[WHAT NEEDS TO BE DONE]
Below this sentence is a listing; return exactly its lines from the one with "Чашка из жаропрочного" to the one with "Si scende per", both kept, and nothing more.
(DATA EXTRACTS Opens)
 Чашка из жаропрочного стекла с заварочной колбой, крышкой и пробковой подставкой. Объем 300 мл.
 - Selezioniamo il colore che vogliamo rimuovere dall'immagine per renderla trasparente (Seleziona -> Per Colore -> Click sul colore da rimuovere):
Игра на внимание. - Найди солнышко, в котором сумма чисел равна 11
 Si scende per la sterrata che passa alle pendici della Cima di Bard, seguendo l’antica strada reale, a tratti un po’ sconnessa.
(DATA EXTRACTS Closes)
(DATA EXTRACTS Opens)
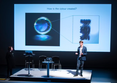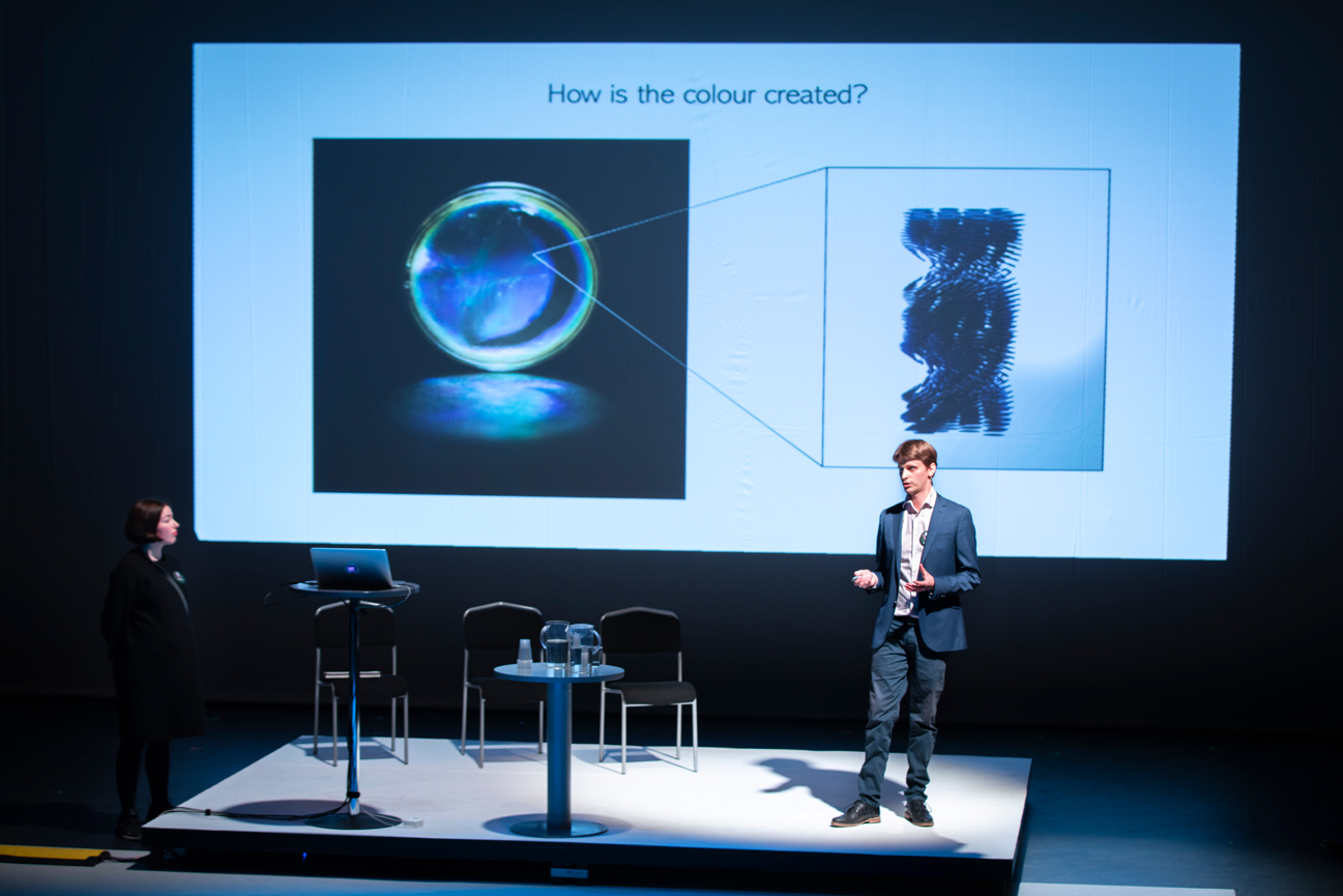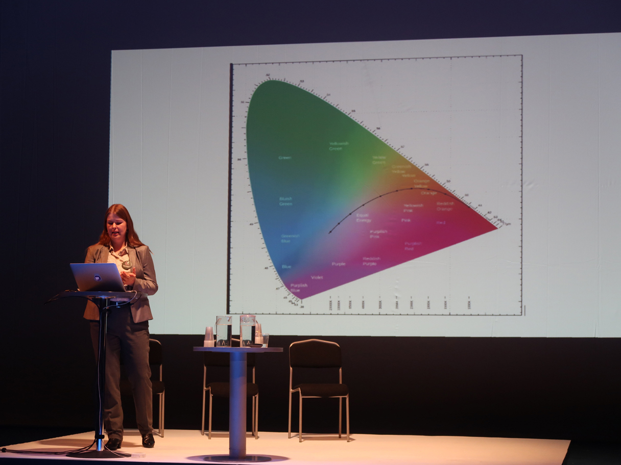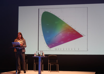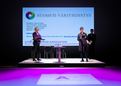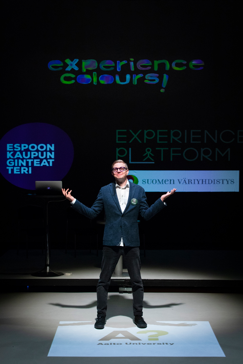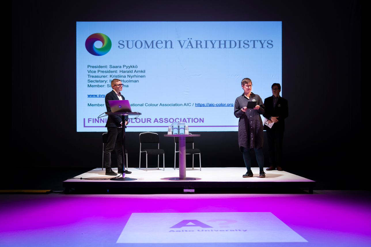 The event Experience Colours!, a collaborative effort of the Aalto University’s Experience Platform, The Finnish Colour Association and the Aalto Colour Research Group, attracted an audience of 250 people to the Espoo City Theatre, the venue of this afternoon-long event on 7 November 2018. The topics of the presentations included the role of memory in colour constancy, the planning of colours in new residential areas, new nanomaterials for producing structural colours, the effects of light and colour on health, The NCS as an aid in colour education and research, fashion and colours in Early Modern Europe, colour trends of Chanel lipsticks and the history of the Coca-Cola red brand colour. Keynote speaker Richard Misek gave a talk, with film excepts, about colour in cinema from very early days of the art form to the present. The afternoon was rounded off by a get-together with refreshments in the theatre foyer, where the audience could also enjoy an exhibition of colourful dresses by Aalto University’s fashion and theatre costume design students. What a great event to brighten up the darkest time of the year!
(DATA EXTRACTS Closes)
(DATA EXTRACTS Opens)
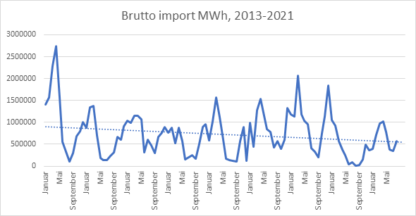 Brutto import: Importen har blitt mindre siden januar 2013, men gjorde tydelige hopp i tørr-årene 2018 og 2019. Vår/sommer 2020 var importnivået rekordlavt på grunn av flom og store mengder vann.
(DATA EXTRACTS Closes)
[ANSWER FOR THIS EXERCISE]
 Чашка из жаропрочного стекла с заварочной колбой, крышкой и пробковой подставкой. Объем 300 мл.
 - Selezioniamo il colore che vogliamo rimuovere dall'immagine per renderla trasparente (Seleziona -> Per Colore -> Click sul colore da rimuovere):
Игра на внимание. - Найди солнышко, в котором сумма чисел равна 11
 Si scende per la sterrata che passa alle pendici della Cima di Bard, seguendo l’antica strada reale, a tratti un po’ sconnessa.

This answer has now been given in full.